Éste es el fin (Seth Rogen, Evan Goldberg):

El dream team de la nueva comedia estadounidense haciendo de sí mismos (sacándole jugo a la compleja distancia entre los actores, su figura pública y algunos personajes que interpretaron), en un entorno bizarramente apocalíptico. No es la película definitiva de los herederos de Judd Apatow, pero difícilmente se haya hecho en 2013 una película que contenga momentos tan divertidos y delirantes como las que están diseminados, sin respiro, a lo largo de todo el metraje. Una película que logra convertir a Michael Cera en un cocainómano cachondo y hacer de una reunión en pantalla de los Backstreet Boys algo digno de celebrarse.

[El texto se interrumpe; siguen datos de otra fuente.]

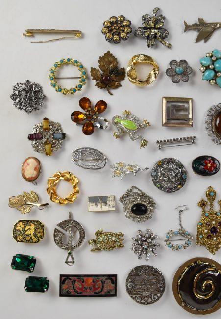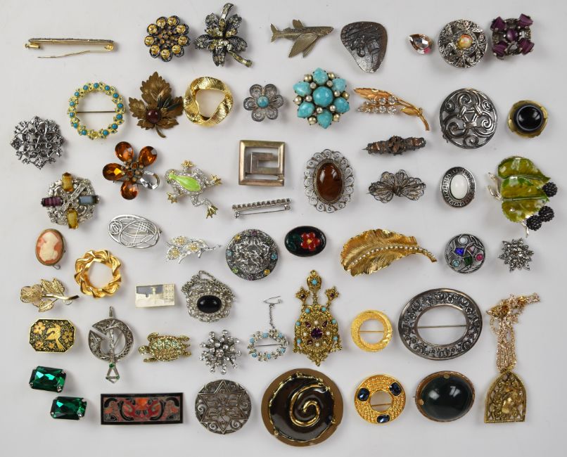 A collection of brooches including Alucraft, two Victorian agate, Exquisite, silver filigree, hallmarked silver, Miracle, silver Mackintosh style, cameo, silver Greek key, Edwardian silver, other silver brooches, etc
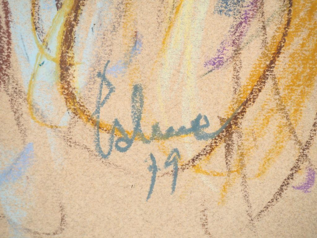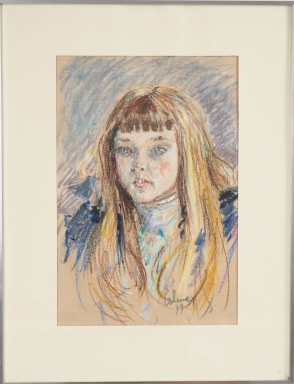 Ecole française XXème. "Portrait de jeune fille à frange". Dessin au crayon gras signé en bas à droite et daté 79. Dim. À vue : 46 x 30,5 cm.

Gravedad (Alfonso Cuarón):

Hay pocos momentos de este film en que el espectador no esté tensionado por la inminencia de algún desastre y por la necesidad de toda la habilidad y suerte de la protagonista para zafar. Toda una proeza, en una película que empieza con tres o cuatro personajes (si contamos la voz del operador terrestre), sigue con dos y, por la mitad del metraje, con uno solo, a la deriva en el espacio exterior luego de un accidente. Rescata el sabor de la ciencia-ficción verosímil. Es además un prodigio de técnica y de invención visual, y tiene quizá los planos complejos más sensacionales de la historia del cine.

The Master (Paul Thomas Anderson):

La aproximación de Paul Thomas Anderson al mundo de los cultos -particularmente al de la cienciología, evidente inspiración de la religión alrededor de la que gira el film- confundió a muchos por su poca voluntad de enfrentar el tema críticamente y mantener todo en una gama de grises morales sin conclusiones claras. Pero The Master no es una película sobre una organización espiritual más o menos engañosa, sino sobre un hambre de trascendencia jamás saciada, sobre una clase de violencia interior y exterior imposible de adaptar o satisfacer. Una película sobre la gran decepción de la posguerra en los 50, años presentados como los más felices del siglo XX, pero que fueron atravesados por espíritus rotos por el conflicto, por personas brutalmente despertadas del sueño americano.

The Master es una película sobre la generación beat que jamás hace la menor referencia a ésta, pero también es una película arisca, que no deja al espectador empatizar con sus más bien desagradables personajes, pero que suma a su sobrecogedora belleza formal un discurso no menos bello, pero de una soledad casi insoportable. Cada escena es una lección de dirección de Anderson y una de actuación alternadamente a cargo de Joaquin Phoenix o Philip Seymour Hoffman. Cine enorme pero difícil de masticar a cargo del que tal vez sea el último cineasta realmente personal del cine estadounidense.